<<<<
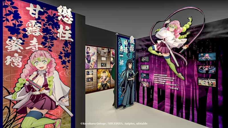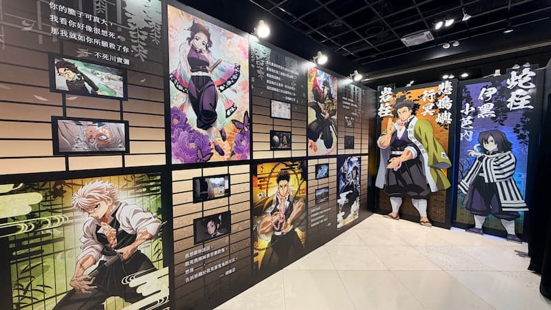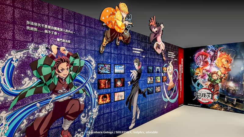 展區集結《竈門炭治郎立志篇》、《無限列車篇》、《遊郭篇》、《刀匠村篇》及《柱訓練篇》各季 TV 動畫的動人台詞與精采畫面,鬼殺隊最高戰力九柱的等身立牌,無限列車篇中炭治郎使出「火之神神樂 碧羅之天」斬向魘夢脊骨的經典戰鬥場景,邁向無限城展區中鏡面交錯的反射身影,以及無慘、黑死牟、童磨、猗窩座、鳴女齊聚,以無限城進行設計的商售區,絕對都是攻佔粉絲手機記憶體的必拍畫面。
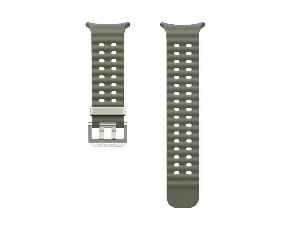 • Galaxy Watch Ultra Waterstrap ima dizajn bez ušica koji neprimjetno pristaje kućištu sata, osiguravajući elegantan izgled i udobno pristajanje tijekom posebno intenzivnih aktivnosti. Promjena i prilagodba remena je jednostavna s jednim klikom gumba na tijelu sata, eliminirajući sve komplicirane korake
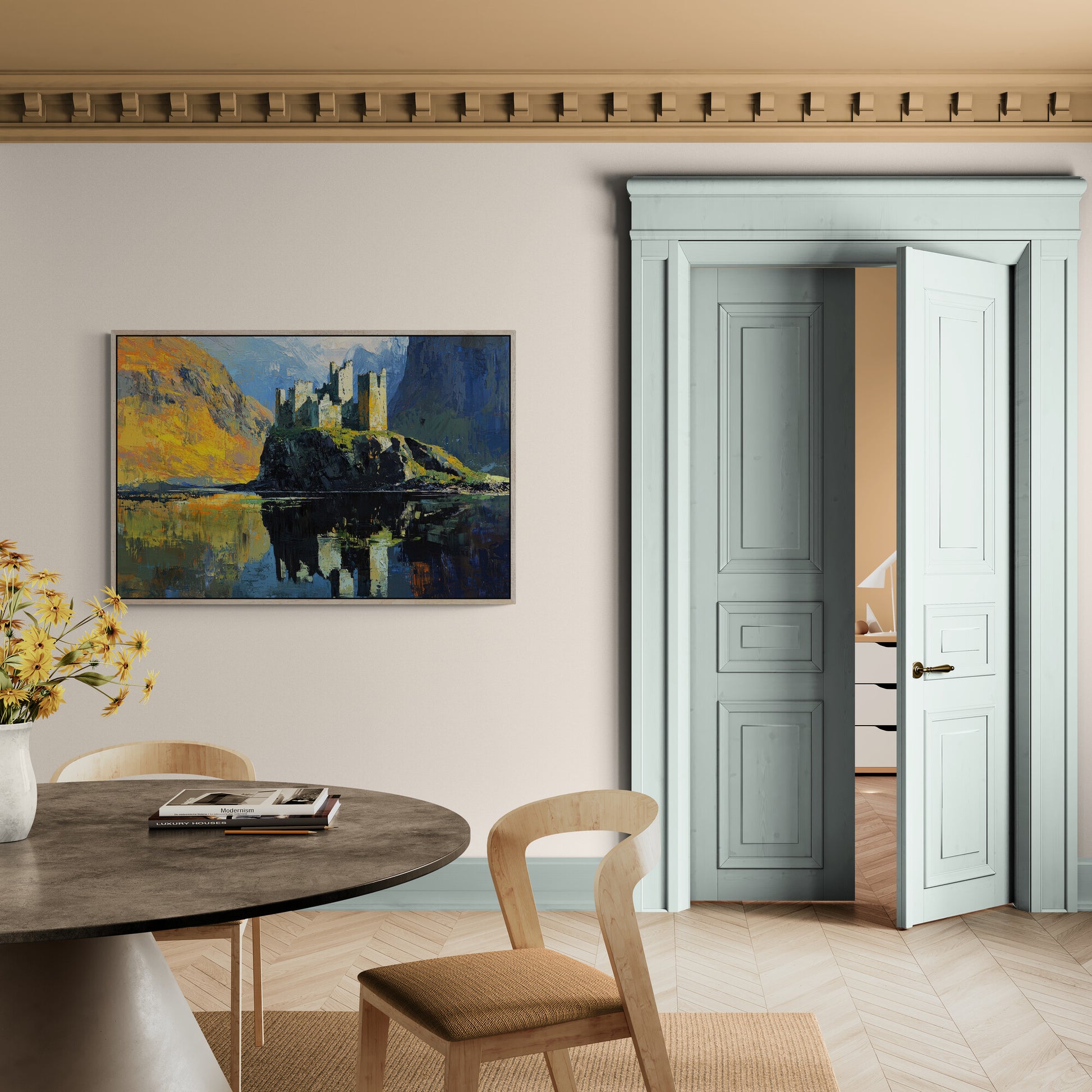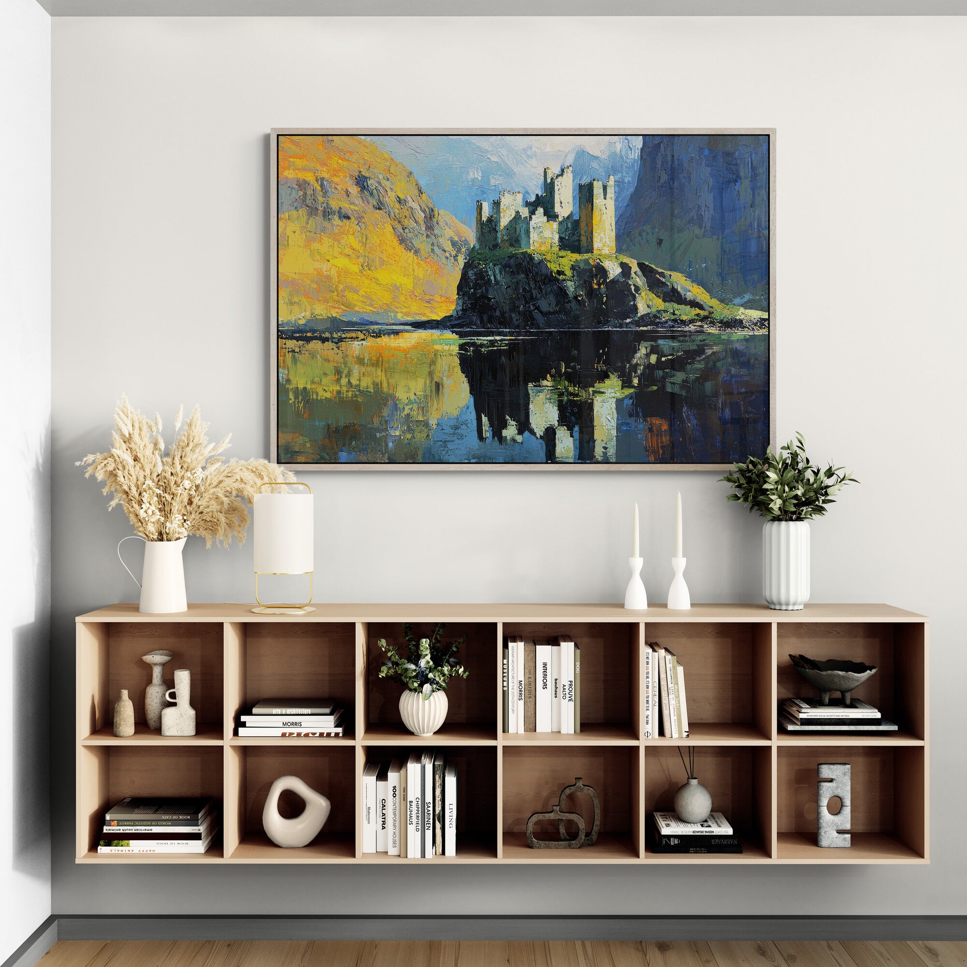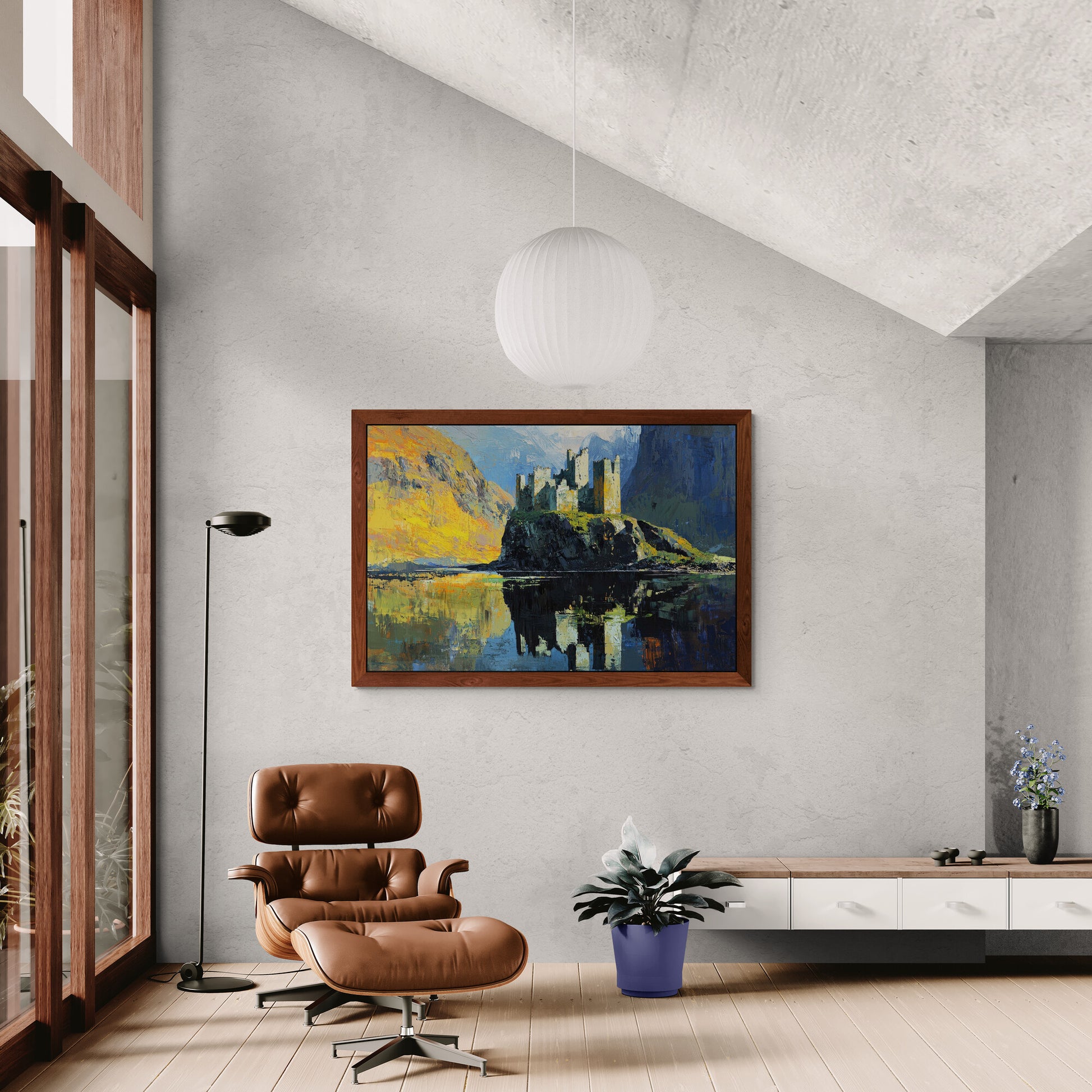Ein massives, verwittertes Schloss thront auf einem steilen Felsen über einem stillen See. Die Szene ist in einem pastosen, impressionistisch anmutenden Stil gemalt, mit sichtbaren Pinselstrukturen und kräftigen Farben. Die herbstlich leuchtenden Hügel im Hintergrund kontrastieren mit dem dunklen Felsen und dem hellen Stein des Schlosses. Die Spiegelung im Wasser verstärkt die dramatische Wirkung der Komposition und verleiht dem Bild eine ruhige, fast mystische Atmosphäre.
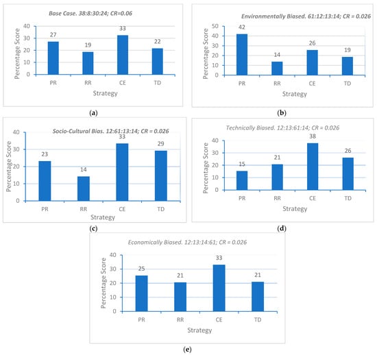 AHP results for different scenarios: (a) Base (b) environmentally biased (c) socio-culturally biased (d) technically biased and (e) economically biased. (Numbers after each title indicate % weight of each criterion in the case mentioned. The order of weights is Environment; Socio-Cultural; Technical; Economical, then CR is the consistency ratio).
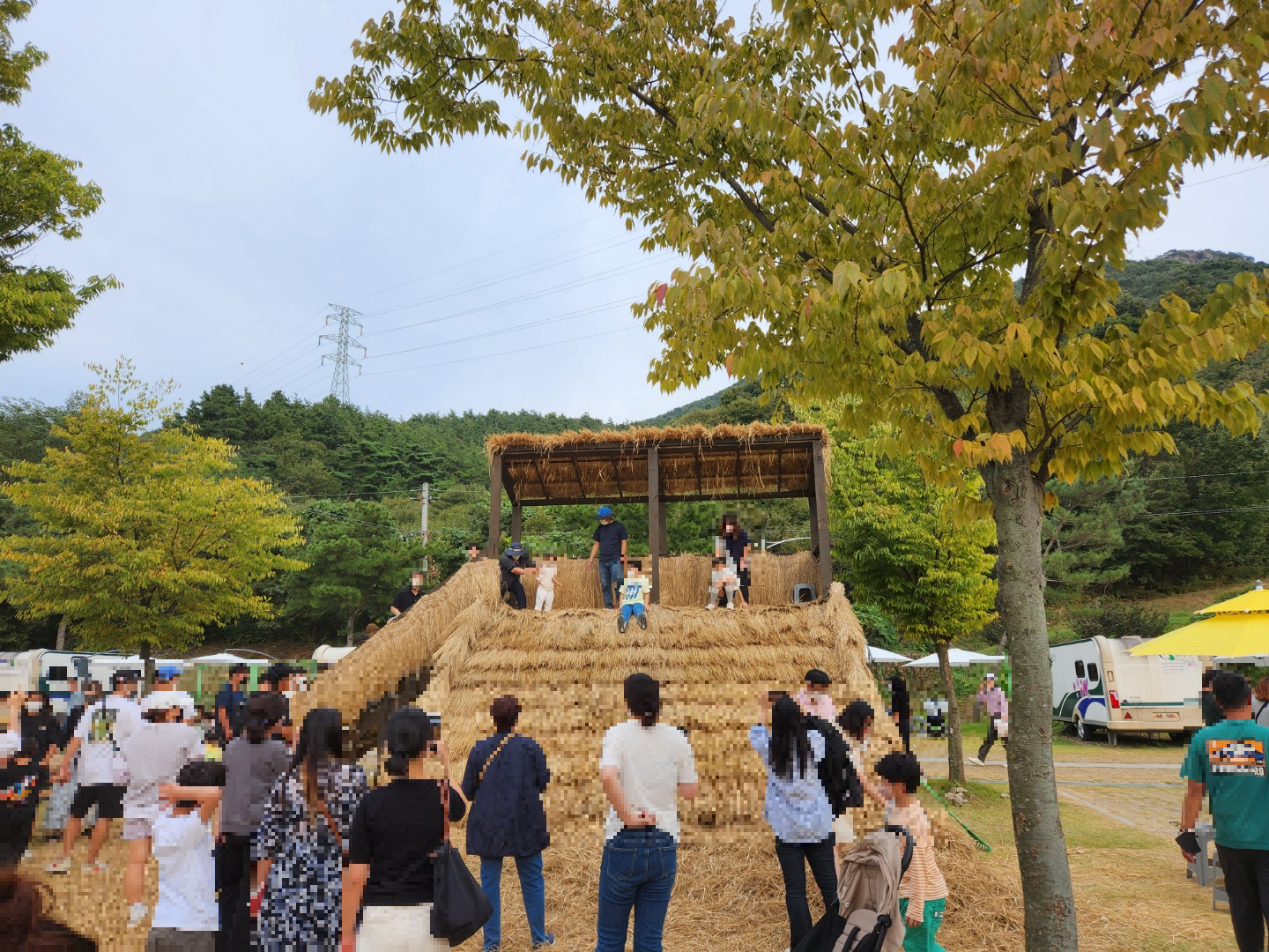 체험은 굼벵이 만지기 체험이랑 곡식 터는 체험 했는데... 그것도 이름이 기억 안 남.. 엄마가 너도 함 해보라길래 애들 사이에 끼어서 했다;ㅋ
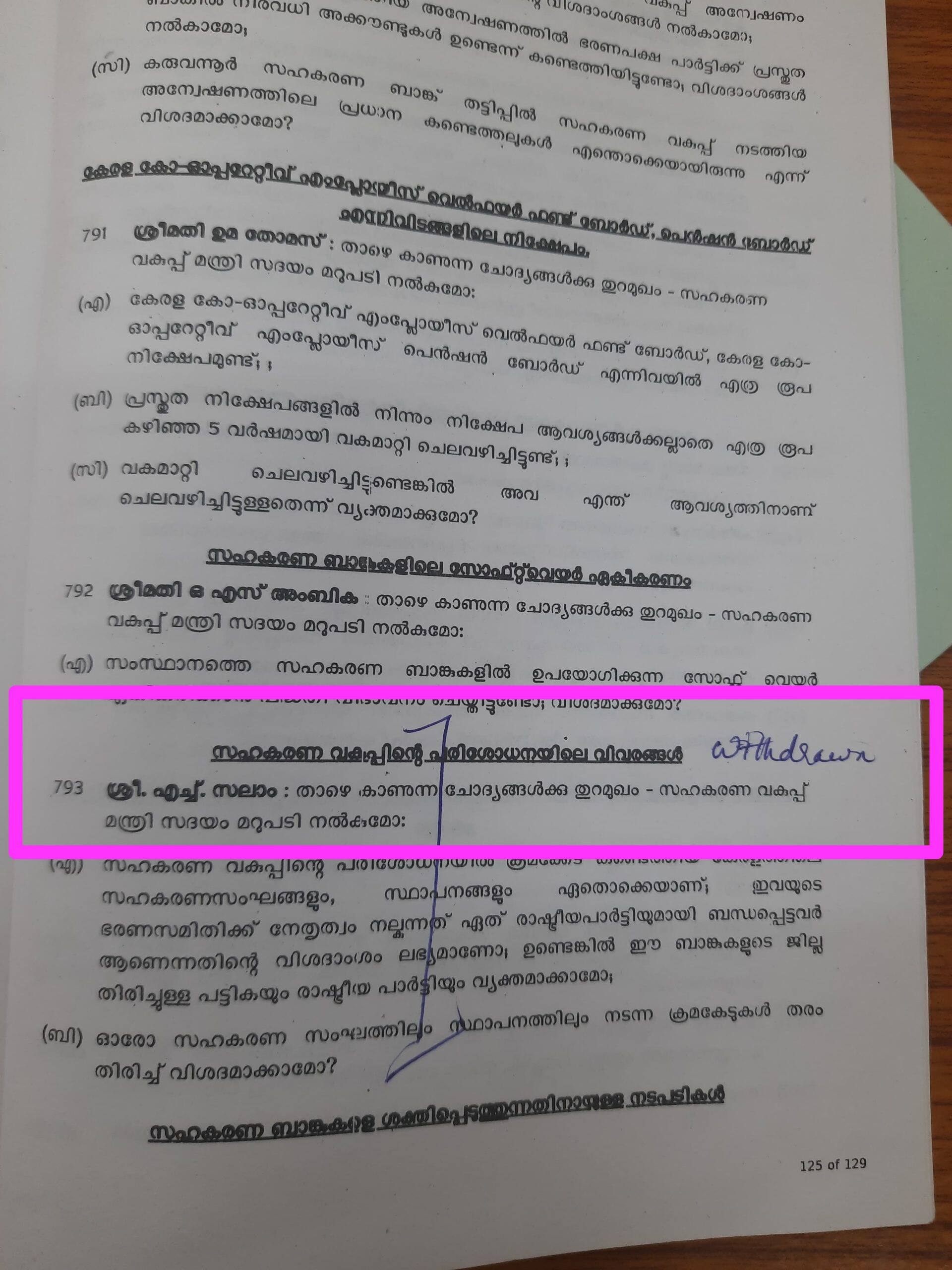 ഓരോ സഹകരണ സംഘത്തിലും നടന്ന ക്രമക്കേടുകൾ തരംതിരിച്ച് വ്യക്തമാക്കുമോ എന്നതായിരുന്നു രണ്ടാമത്തെ ചോദ്യം. പത്ത് ദിവസം മുൻപ് എംഎൽഎ കൊടുത്ത ചോദ്യം നിയമസഭാ വെബ്സൈറ്റിൽ പ്രസിദ്ധീകരിച്ചിരുന്നു. മറുപടി ലഭ്യമാക്കാനായി സഹകരണ വകുപ്പിലെത്തിയപ്പോഴാണ് ചോദ്യത്തിലെ പ്രശ്നം ബന്ധപ്പെട്ടവർക്ക് മനസിലായത്. ഉദ്യോഗസ്ഥർ വിഷയം സഹകരണ മന്ത്രിയുടെ ഓഫീസിന്റെ ശ്രദ്ധയിൽപ്പെടുത്തി. പാർട്ടി ഇടപെട്ടതോടെ സലാം ചോദ്യം പിൻവലിക്കാൻ നിയമസഭാ സെക്രട്ടറിക്ക് അപേക്ഷ നൽകി.
>>>>
-- How to complete this task --
Repeat everything in the records above exactly, except the pictures.

-- Written response --
 展區集結《竈門炭治郎立志篇》、《無限列車篇》、《遊郭篇》、《刀匠村篇》及《柱訓練篇》各季 TV 動畫的動人台詞與精采畫面,鬼殺隊最高戰力九柱的等身立牌,無限列車篇中炭治郎使出「火之神神樂 碧羅之天」斬向魘夢脊骨的經典戰鬥場景,邁向無限城展區中鏡面交錯的反射身影,以及無慘、黑死牟、童磨、猗窩座、鳴女齊聚,以無限城進行設計的商售區,絕對都是攻佔粉絲手機記憶體的必拍畫面。
 • Galaxy Watch Ultra Waterstrap ima dizajn bez ušica koji neprimjetno pristaje kućištu sata, osiguravajući elegantan izgled i udobno pristajanje tijekom posebno intenzivnih aktivnosti. Promjena i prilagodba remena je jednostavna s jednim klikom gumba na tijelu sata, eliminirajući sve komplicirane korake
Ein massives, verwittertes Schloss thront auf einem steilen Felsen über einem stillen See. Die Szene ist in einem pastosen, impressionistisch anmutenden Stil gemalt, mit sichtbaren Pinselstrukturen und kräftigen Farben. Die herbstlich leuchtenden Hügel im Hintergrund kontrastieren mit dem dunklen Felsen und dem hellen Stein des Schlosses. Die Spiegelung im Wasser verstärkt die dramatische Wirkung der Komposition und verleiht dem Bild eine ruhige, fast mystische Atmosphäre.
 AHP results for different scenarios: (a) Base (b) environmentally biased (c) socio-culturally biased (d) technically biased and (e) economically biased. (Numbers after each title indicate % weight of each criterion in the case mentioned. The order of weights is Environment; Socio-Cultural; Technical; Economical, then CR is the consistency ratio).
 체험은 굼벵이 만지기 체험이랑 곡식 터는 체험 했는데... 그것도 이름이 기억 안 남.. 엄마가 너도 함 해보라길래 애들 사이에 끼어서 했다;ㅋ
 ഓരോ സഹകരണ സംഘത്തിലും നടന്ന ക്രമക്കേടുകൾ തരംതിരിച്ച് വ്യക്തമാക്കുമോ എന്നതായിരുന്നു രണ്ടാമത്തെ ചോദ്യം. പത്ത് ദിവസം മുൻപ് എംഎൽഎ കൊടുത്ത ചോദ്യം നിയമസഭാ വെബ്സൈറ്റിൽ പ്രസിദ്ധീകരിച്ചിരുന്നു. മറുപടി ലഭ്യമാക്കാനായി സഹകരണ വകുപ്പിലെത്തിയപ്പോഴാണ് ചോദ്യത്തിലെ പ്രശ്നം ബന്ധപ്പെട്ടവർക്ക് മനസിലായത്. ഉദ്യോഗസ്ഥർ വിഷയം സഹകരണ മന്ത്രിയുടെ ഓഫീസിന്റെ ശ്രദ്ധയിൽപ്പെടുത്തി. പാർട്ടി ഇടപെട്ടതോടെ സലാം ചോദ്യം പിൻവലിക്കാൻ നിയമസഭാ സെക്രട്ടറിക്ക് അപേക്ഷ നൽകി.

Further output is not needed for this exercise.